Product Revisions Affecting Die Build

As with all stamping tools, product revisions may require the adjustment, or even replacement, of the tooling. With hot stamp form and quench dies, this can become more complicated since the tools are more difficult to machine and weld because of the through-hardened tool steel blocks and because they contain cooling channels.

When starting to build a hot stamp tool, it is important to assess the potential of product revisions and their nature. It may be possible to protect a tool to a limited degree (if there is uncertainty about the product design) by allowing extra material in localized areas of the die, and then removing the excess before going into production. Part of this assessment also should include deciding whether the part design can be made as currently designed, or if it will require some changes to radii or other features.

Formability simulations are important tools to use in the assessments. These can reduce risk so that a production tool can be made without having to build in provisions for minor changes. If simulations show risks, product changes can be made before the tooling is started. However, if there are questions about formability, or uncertainty about product design-driven potential revisions, it may make sense to produce low-cost physical prototype tools to prove out formability and assess product functionality in early vehicle builds.

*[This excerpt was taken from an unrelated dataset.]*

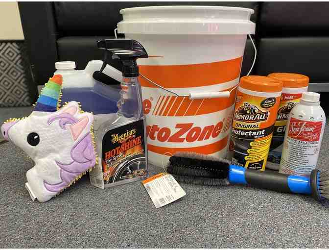 Includes bucket, car wash fluid, ArmorAll original wipes, ArmorAll glass wipes, Meguiar's Hot Shine tire spray, Spoke and Rim brush, SeaJoan Motor Treatment, Unicorn Wash & Dust Pad

Three levels of prototype tooling are available, typically. These are geometry only; geometry plus heat treating; and production-intent prototype for evaluation of developed trims and wrinkle/thinning control. Prototype tooling can be easily remachined or changed before launching the production tooling.

Note

1. Automotive Industry Action Group CQI-9, Process Table 1, www.aiag.org/docs/default-source/product/cqi-9_3rd_processtablei_may2014.pdf?sfvrsn=0

Mike Austin is director, manufacturing engineering for Diversified Tooling Group Inc., 31240 Stephenson Highway, Madison Heights, MI 48071, 248-588-1100, maustin@diversifiedtoolinggroup.com, www.diversifiedtoolinggroup.com.

Dies for hot stamping

Six blanks yielded eight small hot stamped parts after laser cutting (two carsets per stroke). This shows pin gauging of tipped parts to aid formability.

Hot Stamping Primer

Hot stamping, also known as press hardening or dry contact press hardening1, is a process used to form ultrahigh-strength steel (UHSS) into finished part shapes. The steel, commonly 22MnB5, is heated in an austenitizing furnace to 900+ degrees C, is formed, and then the formed part is quenched in the same forming die. The process of heating and quenching transforms the coarse austenitic grains to fine martensitic grains, thereby hardening the material to very high yield strengths—1,000 megapascal (MPa) and above.

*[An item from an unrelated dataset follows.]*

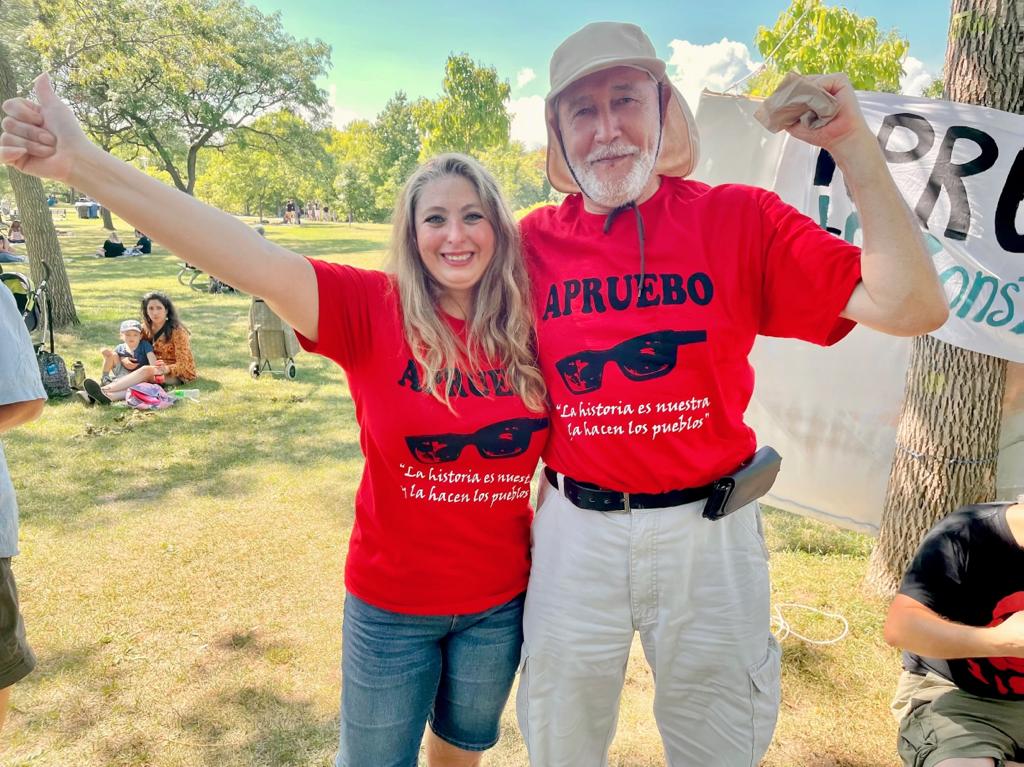 Añadió que también han realizado algunas actividades financieras, como una “completada” (venta de hot dogs) “y con ese dinero enviamos una donación a artistas que viven en Chile y están por el Apruebo. También hicimos una rifa que va al movimiento por el Apruebo en la ciudad de Puente Alto, la comuna más poblada del país. Nos encontramos ahora buscando apoderados para el proceso de votación”.

The heating makes the material extremely soft and formable, much like a stick of chewing gum, enabling the forming of deep and complex shapes. Often this allows multiple parts to be formed as a single part.

The material’s softened state while it is heated allows the part to be formed readily to a final shape, and the quenching eliminates nearly all springback because residual stresses are relieved by the blank’s heating.

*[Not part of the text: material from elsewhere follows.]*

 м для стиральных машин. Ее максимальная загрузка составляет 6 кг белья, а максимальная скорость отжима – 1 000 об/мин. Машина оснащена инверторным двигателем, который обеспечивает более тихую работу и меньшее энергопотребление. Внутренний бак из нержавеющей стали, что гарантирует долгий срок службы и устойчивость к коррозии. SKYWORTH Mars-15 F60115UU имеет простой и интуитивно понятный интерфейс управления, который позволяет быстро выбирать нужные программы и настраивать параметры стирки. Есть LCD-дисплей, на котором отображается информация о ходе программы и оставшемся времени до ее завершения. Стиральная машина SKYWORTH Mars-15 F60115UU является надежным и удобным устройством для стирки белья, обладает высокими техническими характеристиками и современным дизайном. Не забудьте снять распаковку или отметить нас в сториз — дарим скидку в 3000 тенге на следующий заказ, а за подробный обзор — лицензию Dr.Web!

The hardening of the part is done after forming during the quench phase of the press cycle while it is stopped at the bottom of the stroke. A hydraulic or servo press must be used to allow the die to dwell there. Otherwise, it would be far too difficult to form the part without cracking it after the hardening stage.

After the part is quenched, it is removed from the form and quench die. The die cools off after having absorbed all the heat from the finished part and the die is reloaded with the next hot blank.

Typical press cycle rates are 10 to 30 seconds. Thicker material takes longer to run because of the extra time needed to quench.